Hi Florian -- thanks so much for writing these packages. I am trying to run a repeated measures GWAS in a sample including related individuals. I have generated loco-predictors in regenie (to control for relatedness) and I am aiming to run a two step analysis - where covariates are regressed from phenotype and genotype (as done in regenie), before fitting the mixed model Yresids ~ SNPresids + (1|IID). Do you have a work around for adjusting genotype calls for PCs and storing the residuals as an FBM? I have looked at using big_univLinReg -- but looks like the FBM can only be included as X, not Y... an no option for storing resids. Otherwise, is there a way to run a linear mixed model using including all covariates using big_apply? I have tried a bunch of ways with no success -- I am working on a remote desktop and I am unable to paste code, but happy to copy it out if you don't have a previous workaround. Many thanks!!

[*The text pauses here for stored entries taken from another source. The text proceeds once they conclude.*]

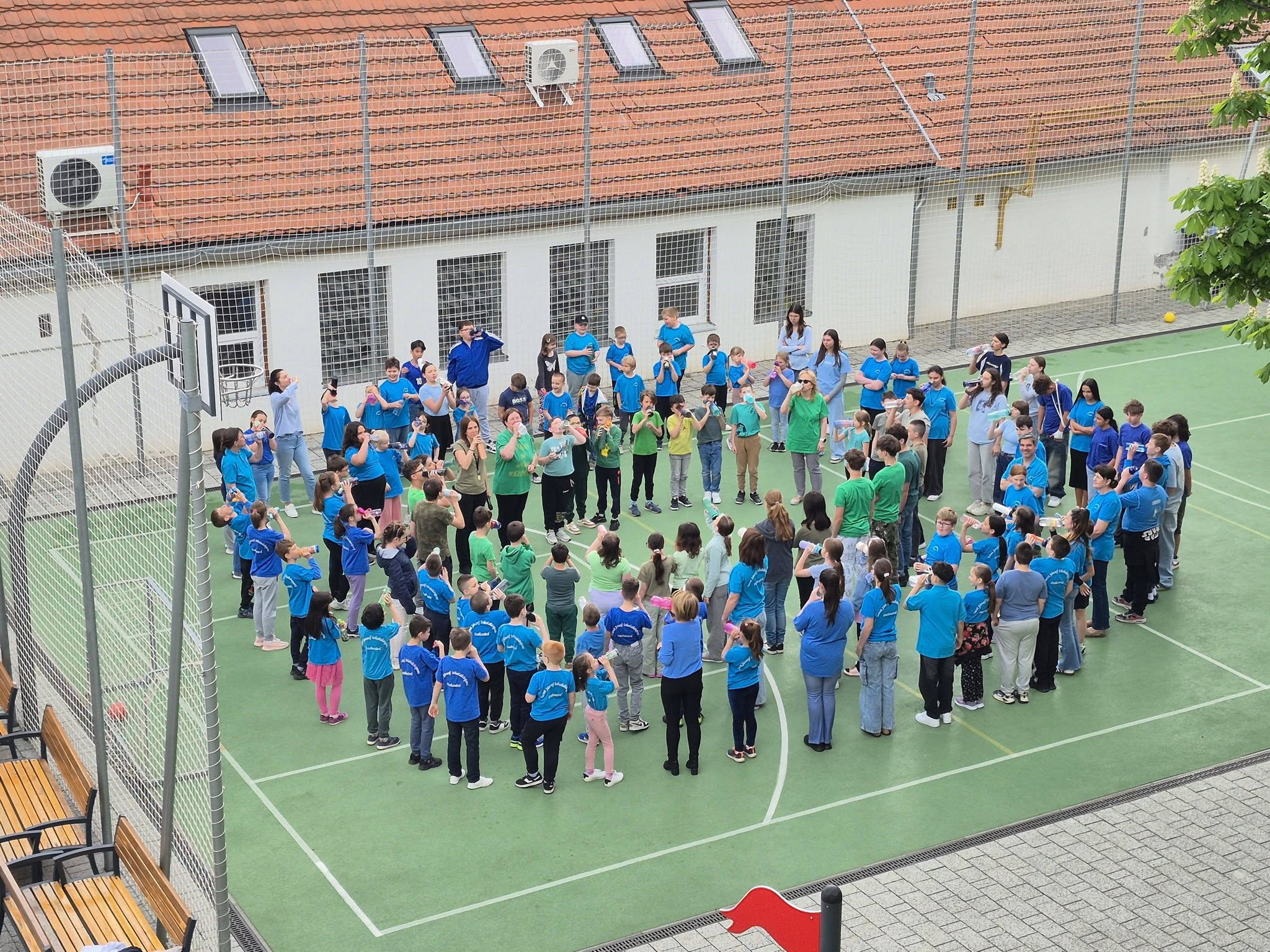 A nagyszünetben mindenki lejött az udvarra kék vagy zöld felsőben, és köröket alkotva a kékek jelképezték a tengereket, óceánokat, a zöldek pedig a szárazföldet.
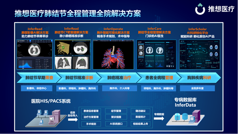 推想12款AI全场景解决方案包括临床高通量的胸肺部领域应用,医院场景实际应用和智慧云平台三大方向。智能影像赋能全院,覆盖癌症、感染性疾病、心血管疾病、脑血管疾病及创伤等多个疾病领域,不断深入临床拓展,沿着患者诊疗全流程开发“筛、诊、治、管、研”全流程智慧解决方案。
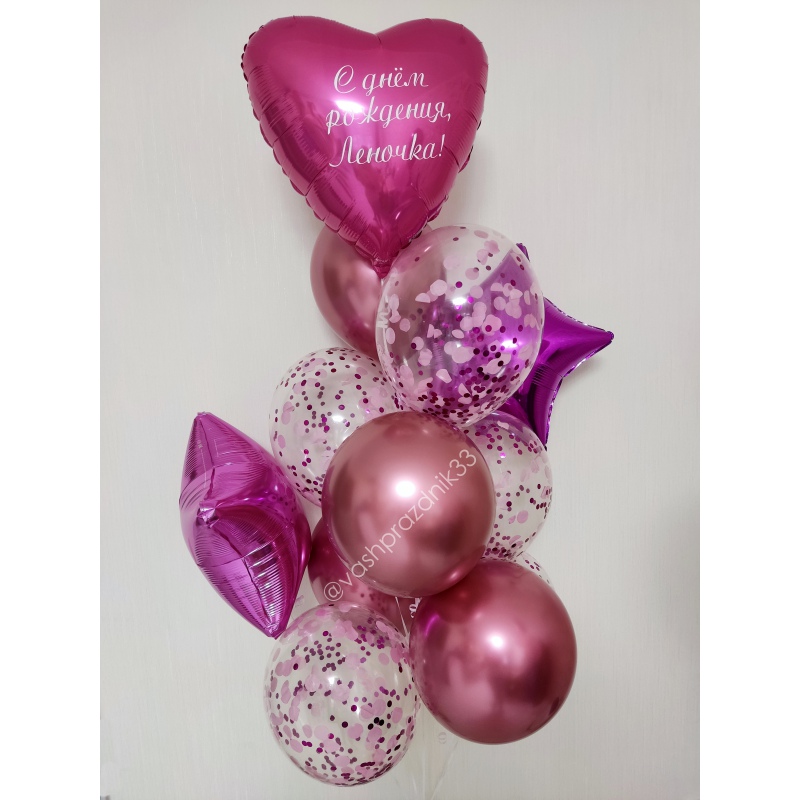 • Шар - ХРОМ - 4 шт., • Шар - КОНФЕТТИ - 5 шт., • Шар - ЗВЕЗДА - 2 шт., • Шар - СЕРДЦЕ С НАДПИСЬЮ - 1 шт. |
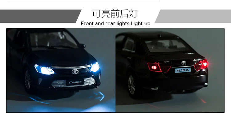 Модель автомобиля TOYOTA CAMRY 7-го поколения 1:32, литая и Игрушечная модель автомобиля, металлическая Игрушечная модель автомобиля, имитация звука, фотоподарок
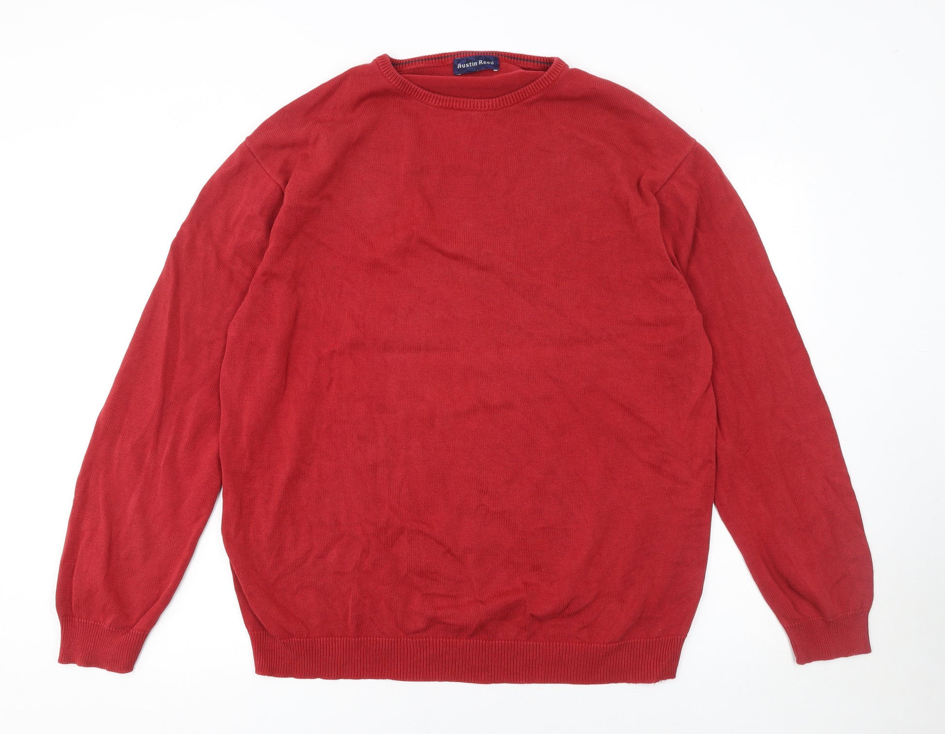 Men's Red XL Cotton Crew Neck Pullover Jumper
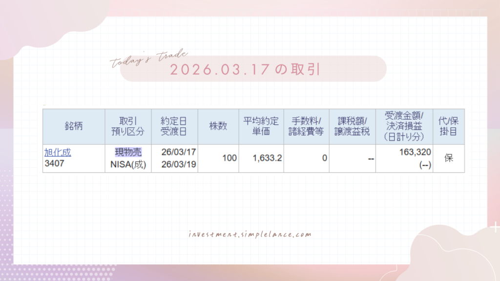となると、あまり選択肢がなく。自分の中で、旭化成は十分上がってくれたし、これ以上の伸びしろをそこまで感じなかったので売ることにしました。
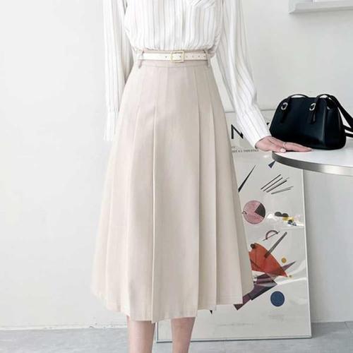 봄 가을 클래식 플리츠 미디 롱 주름 벨트 셋트 치마 스커트 캐주얼 모임 출근

privefl commented 1 year ago

I'm not sure I follow exactly what you want to do. Could you maybe provide some (inefficient) R code that works on a very small example?

chrisraynerr commented 1 year ago

I have a dataset with repeated outcome measurements (7 time-points). I've transformed the data to long format, and I want to run a GW-LMM, with IID as the random effect (currently neither plink nor regenie can deal with repeated IIDs). I'm trying to figure out the fastest way to do this, and was hoping to use bigstatsr/bigsnpr to load the geno data and perfrom the regression using big_parallelize (or something similar). Below is a quickly simulated dataset to show the structure of the data I'm using and a summary of the model I'm trying to use. Im wondering if I would gain speed by splitting it into steps -- step1 residualising all SNPs for PCs and using snp_save to save the resids as an FBM? then in step2 running the mixed model using resids and big_apply? Anyway.. here's an example input and the output I'm looking for... which would then be combine across blocks of SNPs. Many thanks for you're help with this!

library(ggplot2)
library(dplyr)
library(tidyr)
library(faux)  
library(GGally)

# simulating PCs from genotype data
pc <- 
  rnorm_multi(
    n    = 10000,
    mu   = 0,
    sd   = 1,
    r    = 0,
    varnames = c(paste0("PC",1:10)),
    empirical = F
  ) %>%
  mutate(IID  = row_number())

# simulating longitudinal outcome data with age covariate
df <- 
  rnorm_multi(
    n    = 10000,
    mu   = 50,
    sd   = 10,
    r    = 0.4,
    varnames = c(paste0("Y_Q0",1:7)),
    empirical = F
  ) %>%
  mutate(
    IID  = row_number(),
    Age_Q01 = rnorm(10000, mean=35, sd=5) 
  ) %>%
  mutate(
    Age_Q02 = Age_Q01 + 0.5,
    Age_Q03 = Age_Q01 + 1,
    Age_Q04 = Age_Q01 + 3,
    Age_Q05 = Age_Q01 + 5,
    Age_Q06 = Age_Q01 + 7,
    Age_Q07 = Age_Q01 + 8
  ) 

# adjusting phenotype for genotype PCs (this 2 step process is done in regenie)
yRes <-
  df %>% 
  full_join(pc, "IID") %>%
  mutate(
    across(matches("Y"), 
    ~ rstandard(lm(.x~PC1+PC2+PC3+PC4+PC5+PC6+PC7+PC8+PC9+PC10,df))
    )) %>%
  select(IID, matches("Y_|Age"))%>% 
  pivot_longer(
    cols = !IID, 
    names_to = c(".value", "Wave"), 
    names_sep = "_"
  ) 

# adjusting genotypes for PCs (again... this 2 step process is done in regenie)
gRes <- 
  rnorm_multi(
    n    = 10000,
    mu   = 0,
    sd   = 1,
    r    = 0,
    varnames = c(paste0("PC",1:10)),
    empirical = F
  ) %>%
  mutate(
    IID  = row_number(),
    SNP  = rbinom(10000, 2, 0.5)
  ) %>%
  mutate(
    SNPRes = rstandard(lm(as.formula(paste0("SNP ~ ",paste0("PC",1:10, collapse="+"))), data = .))
  ) %>%
  select(IID,SNPRes)

df <-  yRes %>% full_join(gRes)

# run mixed model... for each SNP I want the main effect of SNP and its interaction with age 
output <- 
  summary(
    lme4::lmer(Y ~ SNPRes + SNPRes*Age + (1|IID), data=df)
    )$coefficients
privefl commented 1 year ago

If you want to get a residualized version of the genotype matrix, that shouldn't be too hard. You can implement this using Rcpp or big_apply() using the linear algebra trick I'm using in big_univLinReg().

If you want to implement your own mixed model, I have no experience with this, so won't be of much help.

chrisraynerr commented 1 year ago

Ok thanks!

privefl commented 1 year ago

If you need help with this, feel free to comment and reopen.